Close The Loop Group Free cash flow was a negative $3.1 million for FY 2024, calculated by taking operating cashflow, subtracting investing cashflow, and subtracting lease repayments. The company said that it expects lower capital expenditure in FY 2025. I believe that one of the major ways in which the FY 2024 result was disappointing was the weak free cashflow.
However, H1 FY 2025 free cash flow was still negative, at almost -$2.7 million. The earnings per share has also nose-dived, even as the company grows revenue. This shows how the capital raised by diluting shareholders was not sufficiently well deployed to lead to growth in earnings per share. And in fact business has declined.
It truly is wild to think anyone considered taking over this business for 27c per share. However, that did not occur, and whatever investors in the various capital raisings had hoped for has not come to pass. The truth is that the business is simply difficult to predict from year to year.
Now the share price is just 4.5 cents per share, giving Close The Loop Group a market capitalisation of around $24 million, down around 90% from its peak.
In a recent update the company disclosed that “At 30 June 2025 the company will have bank debt of US$38 million and cash on hand in excess of A$30 million. The company is well capitalized and is in a strong working capital position.”

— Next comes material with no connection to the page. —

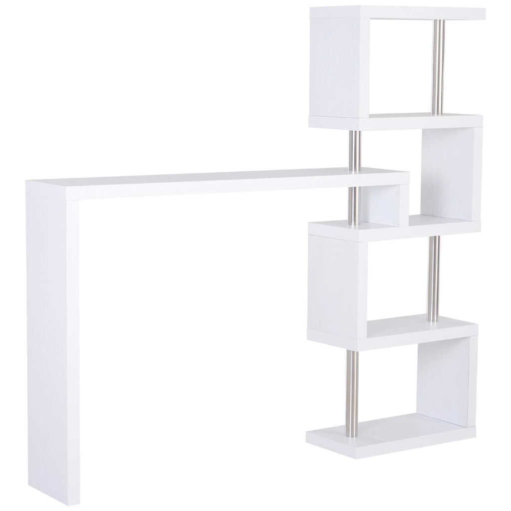 Étagère Bibliothèque 4 Niveaux avec Table en MDF Blanc

The way the company reported cash in Australian dollars and debt in US dollars is a good example of why I generally choose to just throw such ideas as Close The Loop Group in the (mental) bin. My view is that life is too short to pay attention to companies that make it hard to understand the state of the balance sheet.

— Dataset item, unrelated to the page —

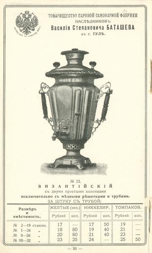Keywords: Прейскурант самоварной фабрики В.С Баташева 13.jpg П ейску ант самова ной фаб ики В С Баташева < 1917 https //fotki yandex ru/users/humus777/album/379238/ not specified PD-RusEmpire Prices of Batashev's samovar factory

If we translate that US dollar debt to Australian dollars, it would be around $57m Australian dollars, so that means the net debt is about $27 million; more than its market capitalisation.
Close The Loop recently announced a restructuring initiative that is aimed at “simplifying their operations and sharpening their focus.” This, along with recent leadership restructuring, could mean some of the diverse grab bag of businesses that make up Close The Loop Group could be closed or sold.

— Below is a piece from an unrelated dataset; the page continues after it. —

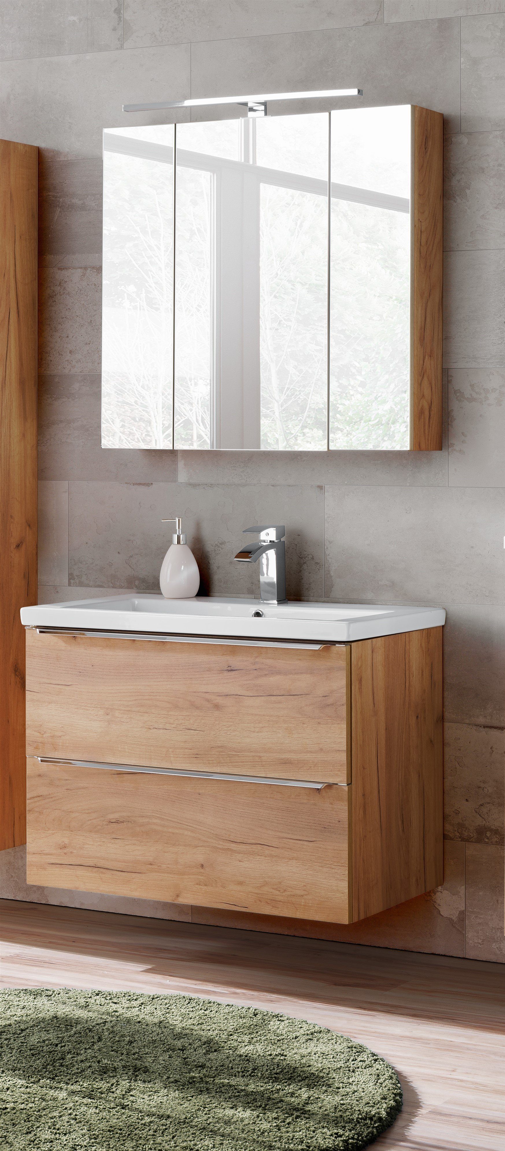 Modellbezeichnung | Badmöbel Set 3-tlg Badezimmerset PERUGIA Eiche |

Why I Avoided Close The Loop Group (ASX: CLG) Stock
Close The Loop has long triggered many heuristics for a low-quality business. And to be fair, that was useful when the stock had good momentum and was attracting more investors. It was at that time a recent IPO grown by acquisitions run by an in-group who were essentially selling parts of their private businesses to public stock market investors.
On top of that, the business itself is capital-intensive, with the free cash flow never available to back up the profits. All that hypothetical profit was going into physical assets or goodwill, with nary a drop left for shareholders.
For that reason, it didn’t really deserve much time.
Is The Close The Loop Share Price Now Too Low?
Now that the share price has dropped so far, it is a little more interesting, because even a couple of good halves could see a significant positive re-rate. Of course, there is no real reason to forecast a couple of good halves, so it is still an extremely speculative idea.
You could imagine this sort of business being mildly profitable, perhaps earning 5% NPAT margins on average over the long term. The company is currently doing around $200m in revenue per year, but I imagine a lot of that is not profitable. If it were pared down to its most profitable activities and gave up on growth, you could still imagine it making $150m in annual revenue. If it could — even without growing — make a 5% profit on that revenue, then that would be $7.5 million, more than a quarter of its current market capitalisation!
Of course, in the meantime, Close The Loop has all that debt to worry about, and those creditors rank above shareholders. It may well be that, ultimately, the business just needs to raise capital at some super-distressed price. At higher prices, Close The Loop is very unattractive, and even at current prices, it is not very attractive in my view. While I could imagine the stock going up from here, I do not think it is too low given the real possibility of significant dilution to come.
On top of that, if the business does turn around, the share price will rise, but I don’t think it will ever be a high-quality business. Because the poor quality of the business limits the likely long-term upside, buying shares in Close The Loop seems unattractively risky to me, even despite the potential for a turnaround re-rate.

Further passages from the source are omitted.